亦或者,面前這些愚民是假的,他們也都是迫於生計,前來賺錢的,為了那些許銀兩失去了自己的立場,失去了是非觀。
蕭如貴很願意相信他們都是後者,那樣他的心裡還會稍微平衡一點,不那麽傷心委屈。
“各位父老鄉親,今天我宣布把嫌疑人蕭如貴收監,收集證據,案子擇日再審,你們都回去吧!散了吧!”任翔雲宣布將蕭如貴收監。

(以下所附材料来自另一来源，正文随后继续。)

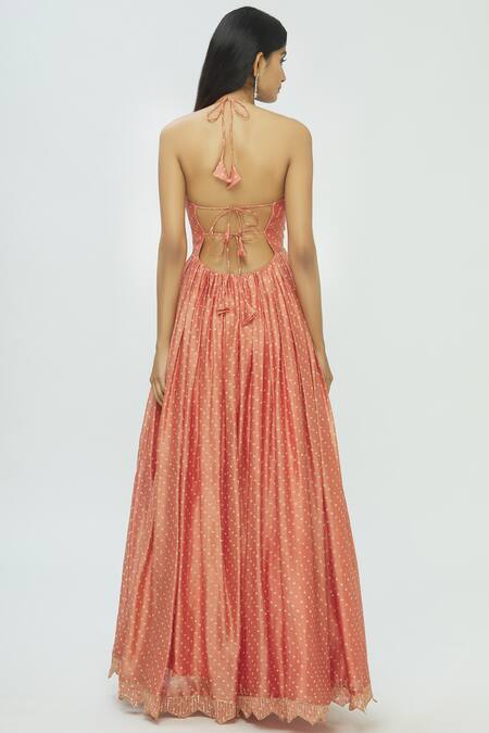 Orange halter neck anarkali with Bandhani print & embellished lace trims. Comes with net dupatta.

“收集什麽證據!這不就是禿驢頭上的虱子明擺著的嗎?”一個混混模樣的青年說道。
“我們**辦案講的是證據,沒有證據如何服人?你們還是回去吧!等到證據確著之後,我們一定會秉公執法,嚴懲不貸!”
民眾罵罵咧咧之後紛紛散去。
蕭如貴是收監了,但是輿論並沒有放棄攻擊蕭如貴,各大媒體再度發文,
“殺人凶手蕭如貴昨日落網”、
“青州回歸平靜,兩位名記大仇得報!”
蕭如貴進去了,被關起來了。這個消息讓武金生長舒了一口氣,心裡暗暗說道:終於可以消停了。
看來利用輿論這一招確實好用,這幫能言鳥確實好用。
一直以來他對那些筆杆子都很頭疼,可這次竟然拿錢擺平了。
…………
“司令,看來還是錢好用,有錢能使鬼推磨!”封千兵一臉的諂媚相。
“嗯!對!當然這次蕭如貴能夠進大牢當然賈維賢在裡面也起到很大的作用,此人功不可沒啊!”
武金生吸了一口他的大雪茄,樂呵呵的又說道。
“沒想到這老小子的人脈和影響力還真挺大!”
“甭管怎麽說,誰的功勞,最終咱們的目的是達到了,成功除掉了那個絆腳石!”
“話雖如此,咱們可不能掉以輕心啊,這個蕭如貴一天不死,咱們的計劃依然有暴露的可能。
如果他要是死了,僅憑任翔雲那個草包,根本翻不了天。”
武金生目露凶光道。
“任翔雲那個草包根本就不是您的對手!”封千兵的鼠目笑的眯成了一條縫更加看不到了。